Faydasız İşlerle Uğraşmak

“Fayda vermeyen ilimden Allah’a sığınırım” diyor peygamberimiz. Peki faydasız bir ilim var mıdır? Varsa nedir? Faydasız ilim sahibinin uygulamadığı, hayatına ve insanlara aktarmadığı ilimdir. Sigaranın zararları ile ilgili bütün ilmi meselelere hâkim bir doktor sigara içiyorsa işte ilminin bir kısmını kendisi için faydasız hale getirmiştir.

Gösteriş için elde edilen ilimler de benzerdir. Kimi insanın ilmi onu cennete götürür. Kimi ilmi ile ismini tarih sayfalarına yazdırır. Kiminin ilmi ise ancak televizyon kanallarına çıkmasına vesile olur. İlim adamı televizyona çıkmaz demiyorum fakat düşünce dünyamız bu kadar kısırken akademisyenlerimizin televizyon merakının bu kadar çok olması şüphelenmeme neden oluyor.

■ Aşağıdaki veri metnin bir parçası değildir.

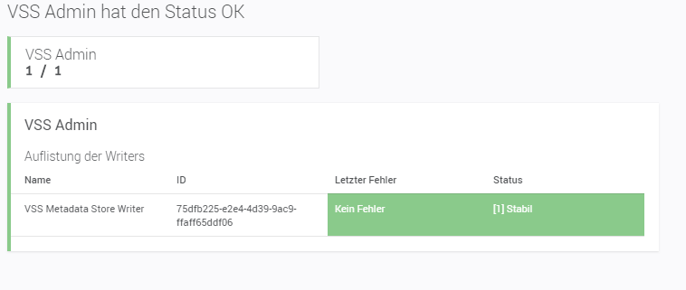 Überwacht die Schattenkopien „Writer“ auf ihren Status. Gerade im Backupumfeld ist es wichtig, auch Fehler im Vorfeld einer Sicherung zu erkennen, da viele Produkte direkt auf die VSS Features von Microsoft aufsetzen. Mit unserem Sensor kann man Probleme bei den „Writer“ direkt erkennen und so vor dem täglichen Backup schon die richtigen Schritte zur Behebung einleiten.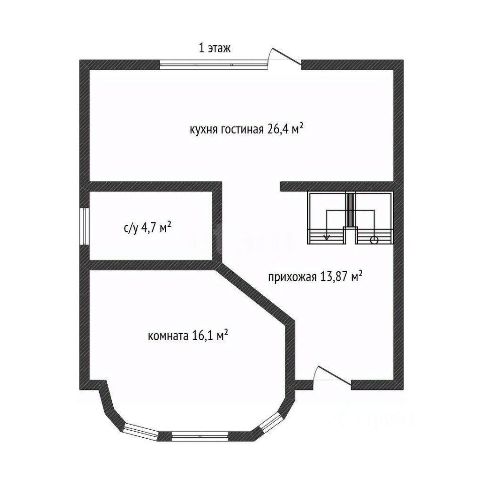 Просторная кухня и гостиная, 3 спальни, гардеробная, санузел.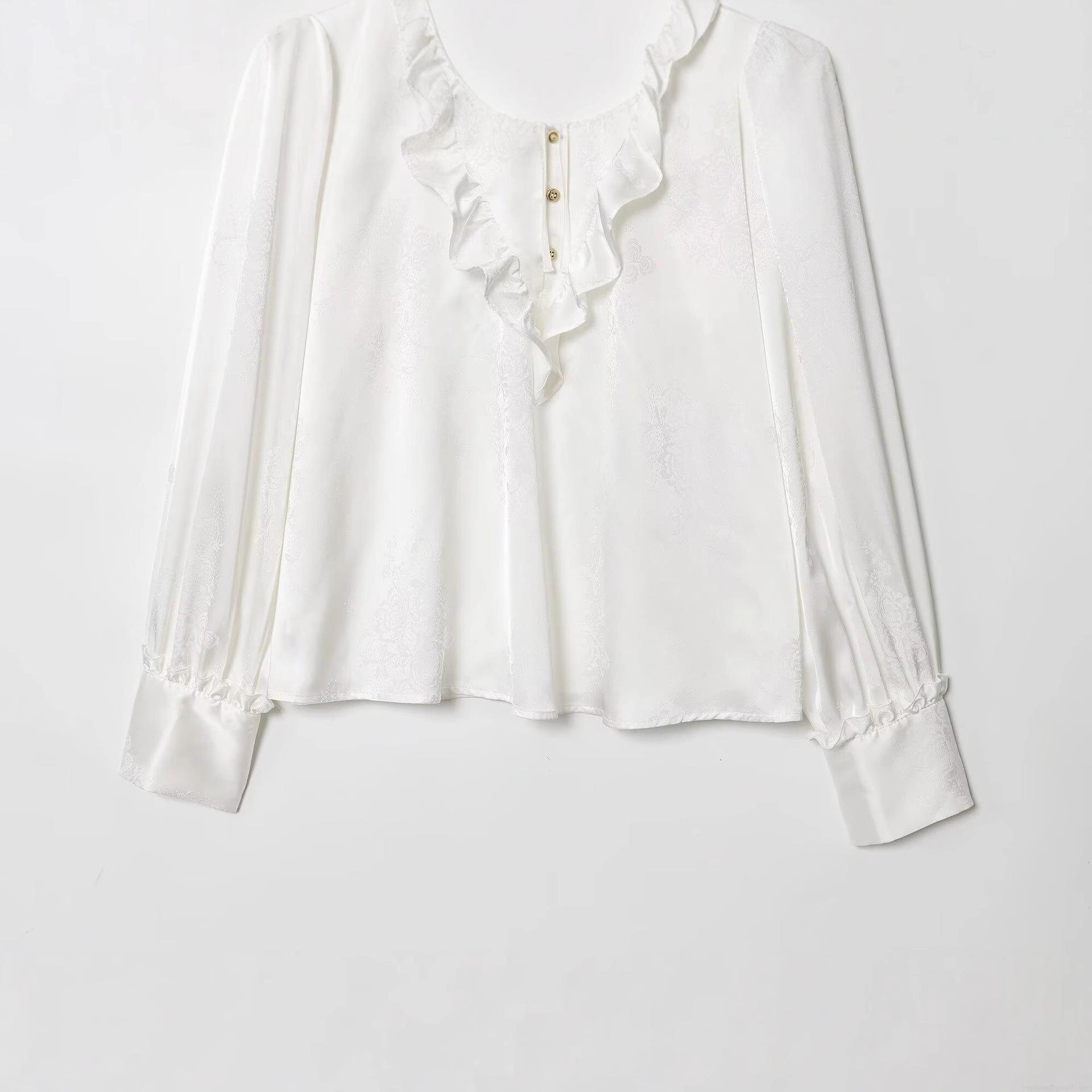 Elegant White Satin Jacquard Women Blouse With Ruffle Stand Collar Gold Buttons Long Sleeve Polyester Shirt Vintage Socialite Tops For Party Daily

Peki insan faydasız işlerler uğraşmakta olduğunu bilir mi? Ne zaman bilebilir. Erikson’un Psikososyal Kuramında “üretkenliğe karşı durgunluk” diye adlandırdığımız bir dönem vardır. Hayatımızın bir aşamasında bana verilen hayatı ne kadar verimli geçirdim diye sorgulama içine gireriz. Erikson’a göre kişi bu evrede ne üretmiş olduğuna bakar. İşi ve ailesi hakkında düşünür. Ailesi ve çocukları ile ilgili olarak her şey yolunda mı diye bakar. İşi ve ailesi iyi durumda ise bu dönemi rahat atlatır.

Tabi anlam herkes için başka başkadır. Fakat zor da olsa evrensel bir çizgiye yaklaşmak mümkün olmaktadır. Kimler hayatlarından daha fazla tatmin içindedirler? Kimler boşuna yaşamış hissine kapılırlar?

Birincisi ölümden sonrasına bağlanmayan zaman geçtikçe elindeki tüm imkanların tükendiğinin farkındadır. Uğraştığı tüm işlerin gün ve gün anlamsız hale geldiğine şahit olur. Tek mükafat yeri olarak dünyayı görenler, başarı dendiğinde aldığı plaketleri, rozetleri, madalyaları hatırlayanlar ölüm yaklaştıkça ne kadar korkunç bir hata yaptıklarını fark ederler. Ne yazık ki bu durumu itiraz edecek cesaretleri ve zamanları kalmamış olur.

İkincisi; çevresi geniş olan ama çevresindeki insanlar ile derinlikli ilişkiler kuramayan insanlar bir süre sonra kendilerini sorgulamaya başlarlar. Birilerinin hayatında yerimizin olması, birilerinin hayatının bir parçası olmamız hayatı anlamlı hale getirir. Aile deyince, arkadaş deyince, dost deyince birilerinin ismini gür bir şekilde telaffuz edebiliyorsak çok da faydasız işlerle uğraşmamışız anlamına gelir. Zira en faydalı iş insan biriktirmektir. Arsaya, borsaya ve altına yapılan yatırımlardansa insana yatırım yapmak en iyisidir.

Üçüncüsü yaptıkları işle gerçek bir problemi çözmeyen ve genellikle başkasının sırtından geçinenler yani bir şey üretmeyenler bir boşluğa düşerler. İnsan kendisine yetecek kadar ürettiğinden emin olmalıdır. Aksi takdirde başkasından çalmış olur. İnsanı insan yapan çabasıdır. Mücadelesidir. Az kazanmak ve az üretmek bir suç değildir. Suç olan kolaycılıktır. Sorumluluğu ve çabayı başkasına yıkmaktır. İnsan çok çalıştığı halde ödül almadığı veya az çalıştığı halde büyük ödüller aldığı da olur. Bu imtihanın bir parçasıdır.

Dördüncüsü en faydalı işler başkaları için yapılan işlerdir. Tek yatırımı kendisine yapan hüsrandadır. Kendimize yaptığımız yatırımdan kar beklememiz doğru değildir. Kendimize yatırım sermayeden yemektir. Bencillerin sonu yalnızlık, boşluk ve cehennemdir. Sokaklarda çok sayıda dilenci olması hepimizin ortak kabahatidir. İhtiyaç sahibi olan da olmayan da sokaklarda diye şikâyet edeceğimize ihtiyaç sahiplerini bulmak için harekete geçmeliyiz. Başkaları cehennem değildir. Başkaları kurtuluştur.